---------- MATERIAL FOR THIS EXERCISE

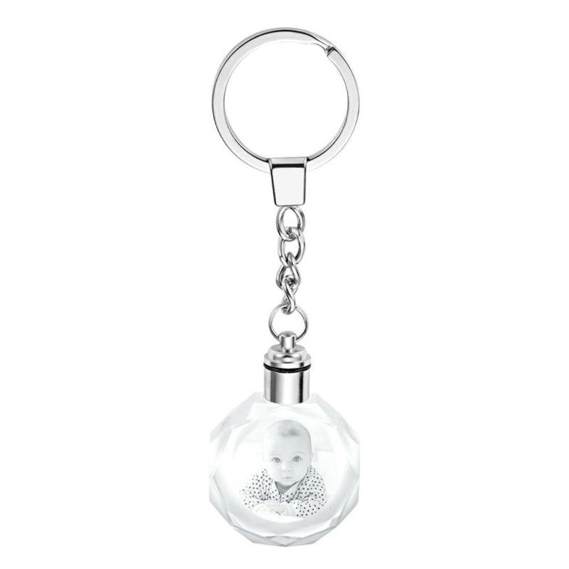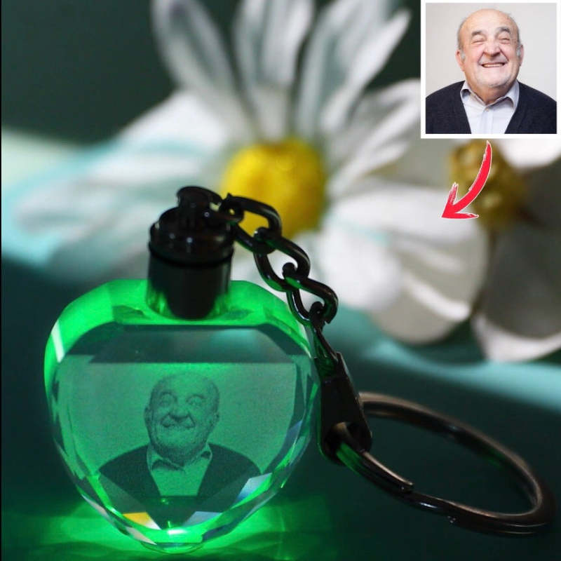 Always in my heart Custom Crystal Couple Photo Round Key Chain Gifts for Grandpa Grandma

--------------------
---------- MATERIAL FOR THIS EXERCISE

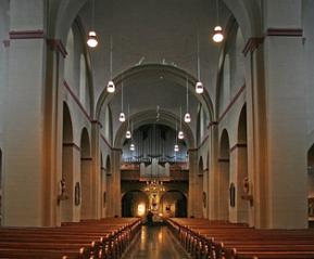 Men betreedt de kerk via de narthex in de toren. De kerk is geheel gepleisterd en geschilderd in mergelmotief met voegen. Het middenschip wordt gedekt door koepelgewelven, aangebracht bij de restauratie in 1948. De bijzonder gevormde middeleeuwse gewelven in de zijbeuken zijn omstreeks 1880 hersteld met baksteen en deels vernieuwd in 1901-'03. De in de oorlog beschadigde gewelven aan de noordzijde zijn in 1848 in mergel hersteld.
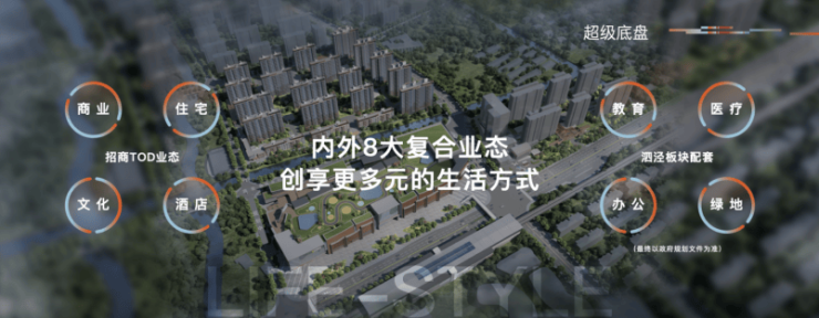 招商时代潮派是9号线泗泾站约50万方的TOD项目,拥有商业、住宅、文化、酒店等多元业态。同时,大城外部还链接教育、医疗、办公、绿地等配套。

--------------------
---------- MATERIAL FOR THIS EXERCISE

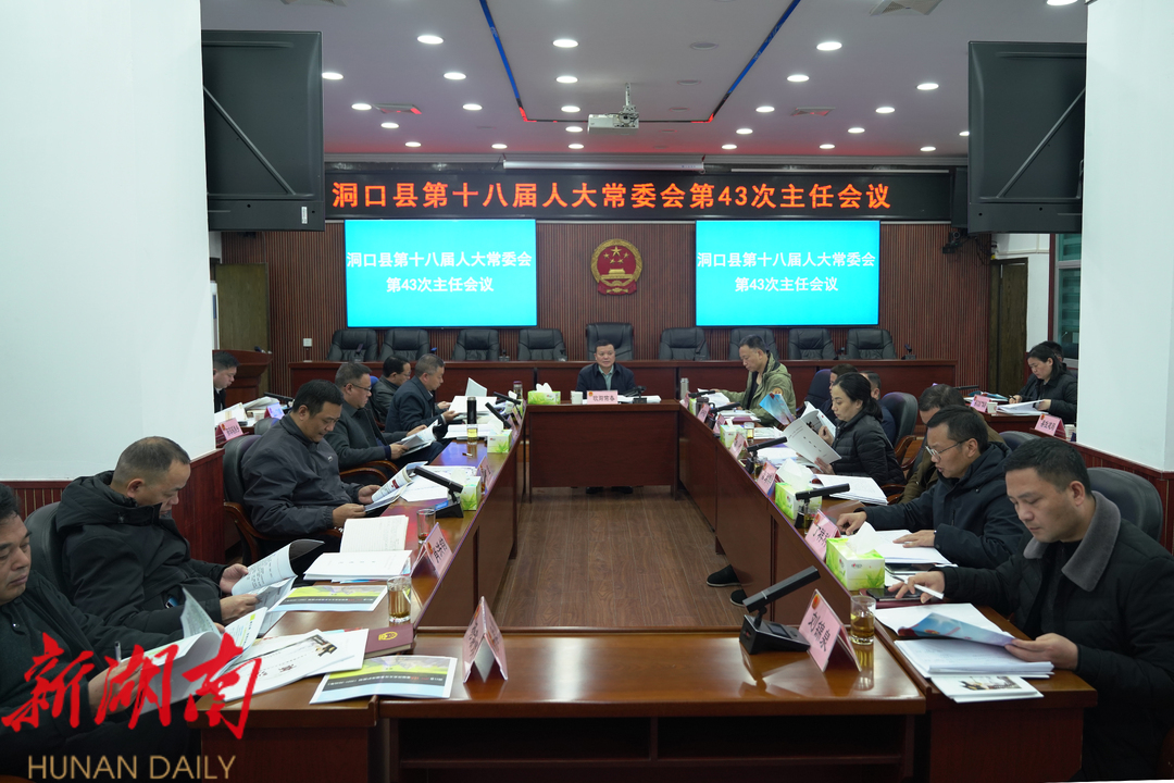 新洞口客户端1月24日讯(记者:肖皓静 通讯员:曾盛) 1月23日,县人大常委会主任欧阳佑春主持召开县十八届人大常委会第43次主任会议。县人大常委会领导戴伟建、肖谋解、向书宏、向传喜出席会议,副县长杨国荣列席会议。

--------------------

▶ EXERCISE DESCRIPTION
Only the lines above from the one with "Men betreedt de" to the one with "招商时代潮派是9号线泗泾站约" should be printed, both included and exactly as written; no picture belongs in the copy.

▶ TASK RESULT
 Men betreedt de kerk via de narthex in de toren. De kerk is geheel gepleisterd en geschilderd in mergelmotief met voegen. Het middenschip wordt gedekt door koepelgewelven, aangebracht bij de restauratie in 1948. De bijzonder gevormde middeleeuwse gewelven in de zijbeuken zijn omstreeks 1880 hersteld met baksteen en deels vernieuwd in 1901-'03. De in de oorlog beschadigde gewelven aan de noordzijde zijn in 1848 in mergel hersteld.
 招商时代潮派是9号线泗泾站约50万方的TOD项目,拥有商业、住宅、文化、酒店等多元业态。同时,大城外部还链接教育、医疗、办公、绿地等配套。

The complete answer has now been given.